--- LISTED ENTRIES ---
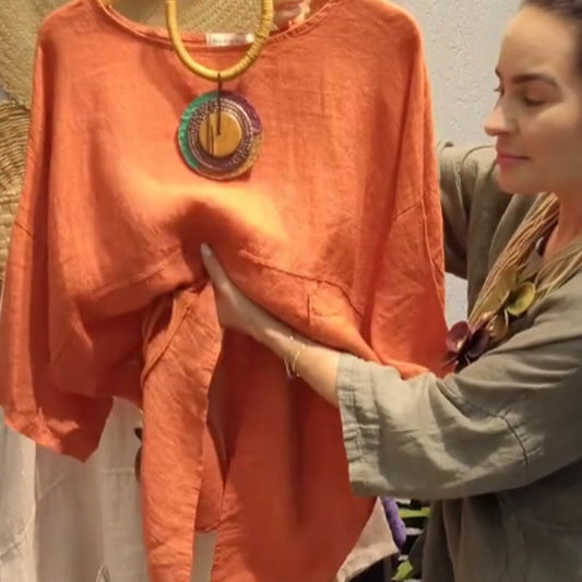 ✨Λινό τοπ με πλαϊνές τσέπες για γυναίκες με χαλαρή εφαρμογή-GR
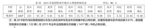 根據(jù)公安部車管所機動車上牌終端數(shù)據(jù),2015年我國累計完成吸糞車銷售1417輛,與上年同期(1341輛)相比增長5.67%;分大類看,中型吸糞車是市場需求的主力車型,全年累計完成銷售974輛,在2015年全國吸糞車總銷量(下同)中的占有份額達68%以上(詳見表20),同比提升9.08個百分點;重型最少,占有份額僅有8.61%。
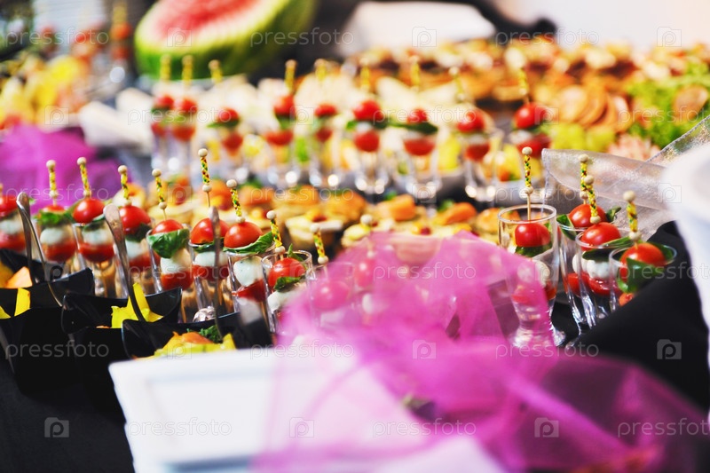 Фрукты, овощи, мясные и рыбные блюда на банкетном столе
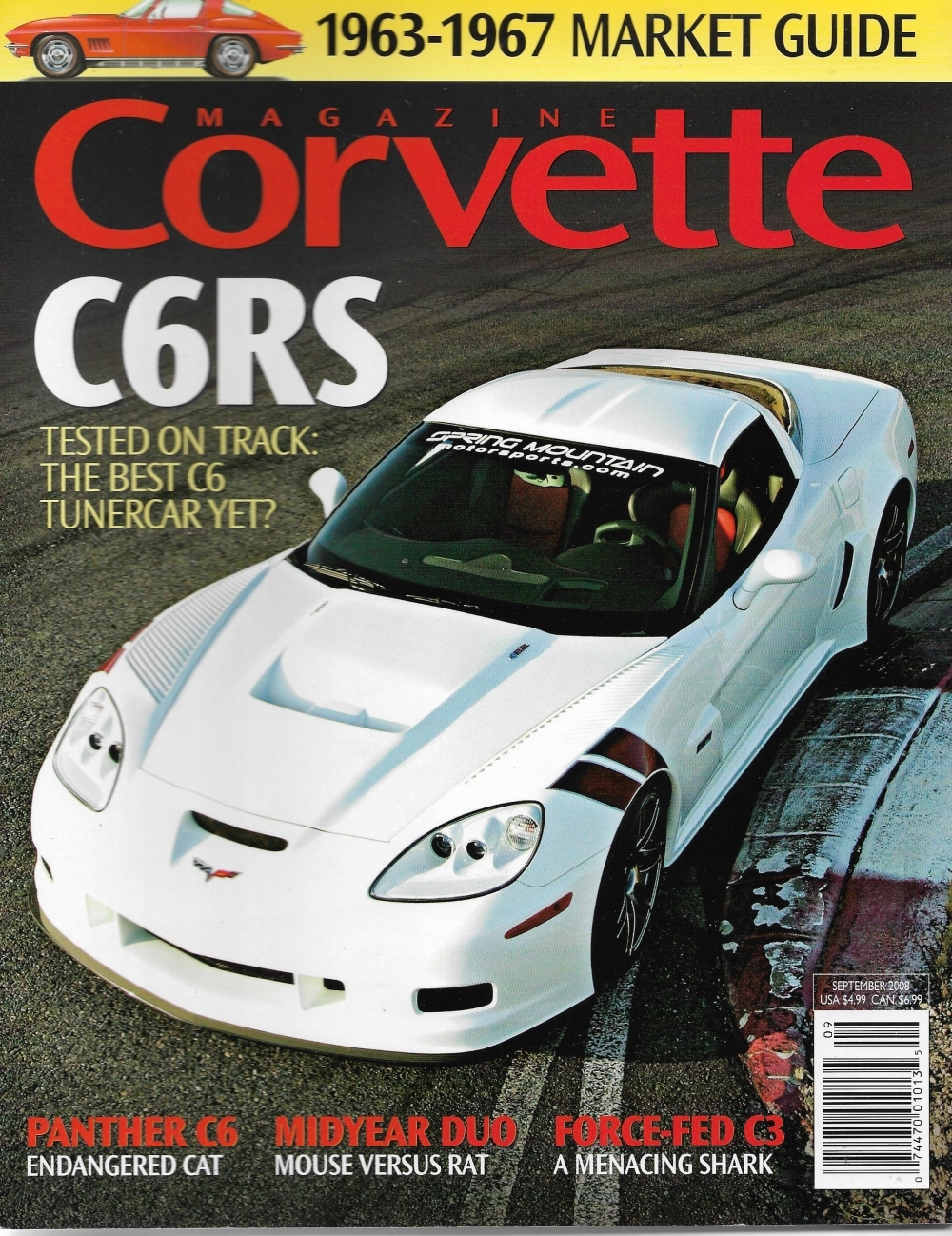 CORVETTE MAGAZINE 2008 SEPT - TESTING C6 TUNERCAR C6RS, PANTHER C6,FORCE-FED C3
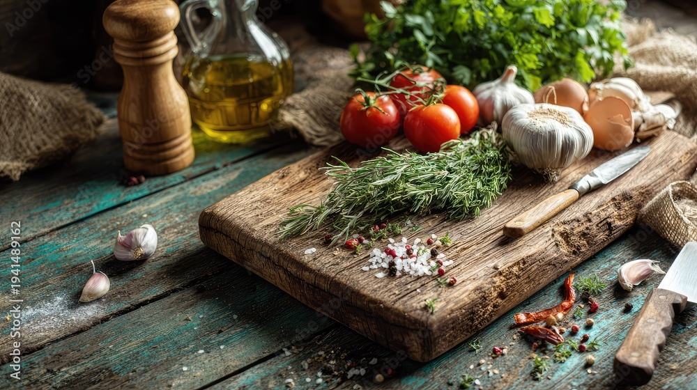 Homemade cooking scene with fresh ingredients cutting board and kitchen utensils on rustic table #1941489162
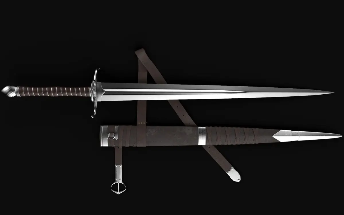 Scene contains three objects: a sword, a sheath and a belt.
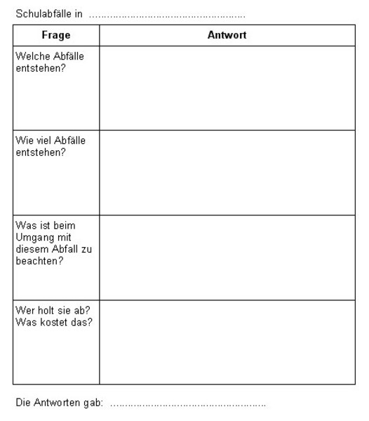 - Wo entstehen in Schule Abfälle?
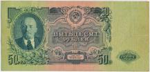 Аверс: фон розово-зеленый. Слева портрет Ленина, в центре номинал - 50 рублей.
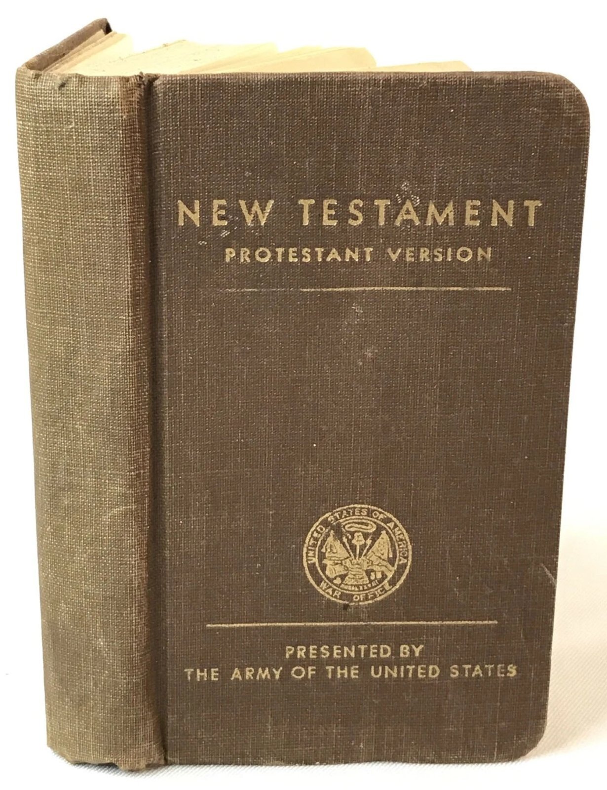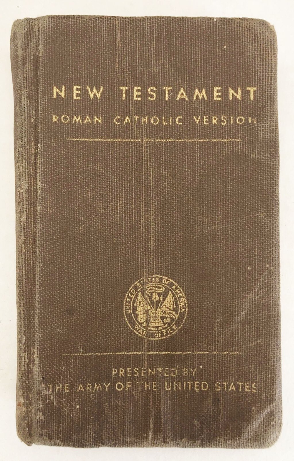 Gdzieś mi wcięło zdjęcie standardowej walizki kapelana-spadochroniarza drugowojennej US Army i tejże walizki wyposażenia, niemniej postać księdza Andrejewskiego jest dobrą okazją do pokazania tego, jak amerykańskie państwo przygotowało się do wojny od strony wsparcia duchowego dla żołnierzy. Bo nie było tak, że żeby czuć więź z jakimś wyznaniem i religią to każdy musiał zabrać z domu coś z podstawowych dewocjonaliów noszonych na szyi czy w kieszeni. Oczywiście można to było zrobić i nie było to zabronione. Z drugiej strony amerykańskie władze wojskowe dużo z takich spraw wzięły na siebie i nieźle dały zarobić drukarzom oraz grawerom-medalierom, którzy masowo produkowali ściśle określone dewocjonalia wojskowe. Po kolei część z nich będę pokazywał. Poniżej drugowojenny Nowy Testament w wersjach rzymskokatolickiej i protestanckiej wydrukowane na zlecenie US Army. Kto z żołnierzy chciał ten mógł go dostać.
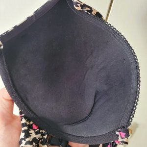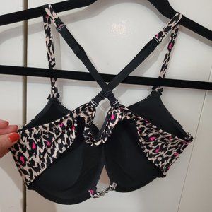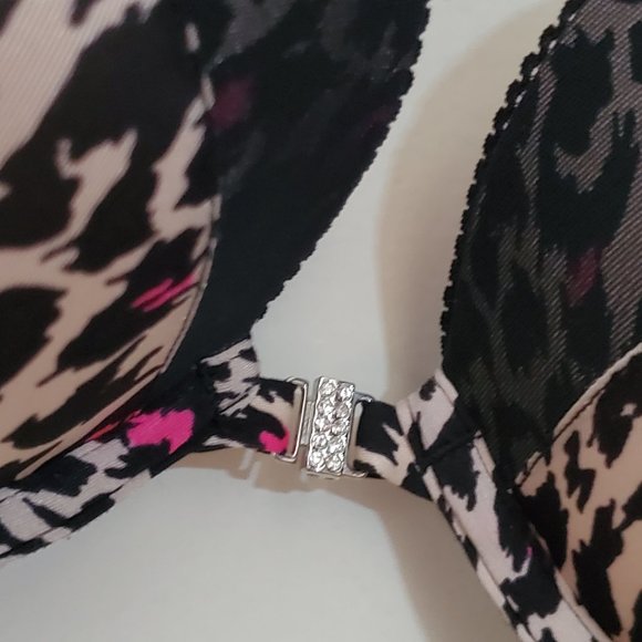 La Senza - 36B - Pink Leopard Print Bra w/ Rhinestone Front Clasp - Push Up
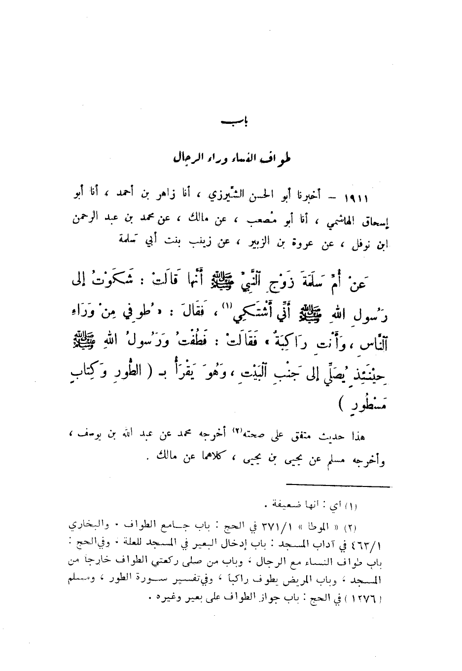 1911 - أَخْبَرَنَا أَبُو الْحَسَنِ الشِّيرَزِيُّ، أَنا زَاهِرُ بْنُ أَحْمَدَ، أَنا أَبُو إِسْحَاقَ الْهَاشِمِيُّ، أَنا أَبُو مُصْعَبٍ، عَنْ مَالِكٍ، عَنْ مُحَمَّدِ بْنِ عَبْدِ الرَّحْمَنِ بْنِ نَوْفَلٍ، عَنْ عُرْوَةَ بْنِ الزُّبَيْرِ، عَنْ زَيْنَبَ بِنْتِ أَبِي سَلَمَةَ، عَنْ أُمِّ سَلَمَةَ زَوْجِ النَّبِيِّ صَلَّى اللهُ عَلَيْهِ وَسَلَّمَ، أَنَّهَا قَالَتْ: شَكَوْتُ إِلَى رَسُولِ اللَّهِ صَلَّى اللهُ عَلَيْهِ وَسَلَّمَ أَنِّي أَشْتَكِي، فَقَالَ: «طُوفِي مِنْ وَرَاءِ النَّاسِ، وَأَنْتِ رَاكِبَةٌ»، فَقَالَتْ: فَطُفْتُ وَرَسُولُ اللَّهِ صَلَّى اللهُ عَلَيْهِ وَسَلَّمَ حِينَئِذٍ يُصَلِّي إِلَى جَنْبِ الْبَيْتِ، وَهُوَ يَقْرَأُ بِـ الطُّورِ وَكِتَابٍ مَسْطُورٍ ".
---
TASK: In your copy, exclude the pictures and repeat each entry above exactly.

RESPONSE TO THE TASK:
 ✨Λινό τοπ με πλαϊνές τσέπες για γυναίκες με χαλαρή εφαρμογή-GR
 根據(jù)公安部車管所機動車上牌終端數(shù)據(jù),2015年我國累計完成吸糞車銷售1417輛,與上年同期(1341輛)相比增長5.67%;分大類看,中型吸糞車是市場需求的主力車型,全年累計完成銷售974輛,在2015年全國吸糞車總銷量(下同)中的占有份額達68%以上(詳見表20),同比提升9.08個百分點;重型最少,占有份額僅有8.61%。
 Фрукты, овощи, мясные и рыбные блюда на банкетном столе
 CORVETTE MAGAZINE 2008 SEPT - TESTING C6 TUNERCAR C6RS, PANTHER C6,FORCE-FED C3
 Homemade cooking scene with fresh ingredients cutting board and kitchen utensils on rustic table #1941489162
 Scene contains three objects: a sword, a sheath and a belt.
 - Wo entstehen in Schule Abfälle?
 Аверс: фон розово-зеленый. Слева портрет Ленина, в центре номинал - 50 рублей.
 Gdzieś mi wcięło zdjęcie standardowej walizki kapelana-spadochroniarza drugowojennej US Army i tejże walizki wyposażenia, niemniej postać księdza Andrejewskiego jest dobrą okazją do pokazania tego, jak amerykańskie państwo przygotowało się do wojny od strony wsparcia duchowego dla żołnierzy. Bo nie było tak, że żeby czuć więź z jakimś wyznaniem i religią to każdy musiał zabrać z domu coś z podstawowych dewocjonaliów noszonych na szyi czy w kieszeni. Oczywiście można to było zrobić i nie było to zabronione. Z drugiej strony amerykańskie władze wojskowe dużo z takich spraw wzięły na siebie i nieźle dały zarobić drukarzom oraz grawerom-medalierom, którzy masowo produkowali ściśle określone dewocjonalia wojskowe. Po kolei część z nich będę pokazywał. Poniżej drugowojenny Nowy Testament w wersjach rzymskokatolickiej i protestanckiej wydrukowane na zlecenie US Army. Kto z żołnierzy chciał ten mógł go dostać.
 La Senza - 36B - Pink Leopard Print Bra w/ Rhinestone Front Clasp - Push Up
 1911 - أَخْبَرَنَا أَبُو الْحَسَنِ الشِّيرَزِيُّ، أَنا زَاهِرُ بْنُ أَحْمَدَ، أَنا أَبُو إِسْحَاقَ الْهَاشِمِيُّ، أَنا أَبُو مُصْعَبٍ، عَنْ مَالِكٍ، عَنْ مُحَمَّدِ بْنِ عَبْدِ الرَّحْمَنِ بْنِ نَوْفَلٍ، عَنْ عُرْوَةَ بْنِ الزُّبَيْرِ، عَنْ زَيْنَبَ بِنْتِ أَبِي سَلَمَةَ، عَنْ أُمِّ سَلَمَةَ زَوْجِ النَّبِيِّ صَلَّى اللهُ عَلَيْهِ وَسَلَّمَ، أَنَّهَا قَالَتْ: شَكَوْتُ إِلَى رَسُولِ اللَّهِ صَلَّى اللهُ عَلَيْهِ وَسَلَّمَ أَنِّي أَشْتَكِي، فَقَالَ: «طُوفِي مِنْ وَرَاءِ النَّاسِ، وَأَنْتِ رَاكِبَةٌ»، فَقَالَتْ: فَطُفْتُ وَرَسُولُ اللَّهِ صَلَّى اللهُ عَلَيْهِ وَسَلَّمَ حِينَئِذٍ يُصَلِّي إِلَى جَنْبِ الْبَيْتِ، وَهُوَ يَقْرَأُ بِـ الطُّورِ وَكِتَابٍ مَسْطُورٍ ".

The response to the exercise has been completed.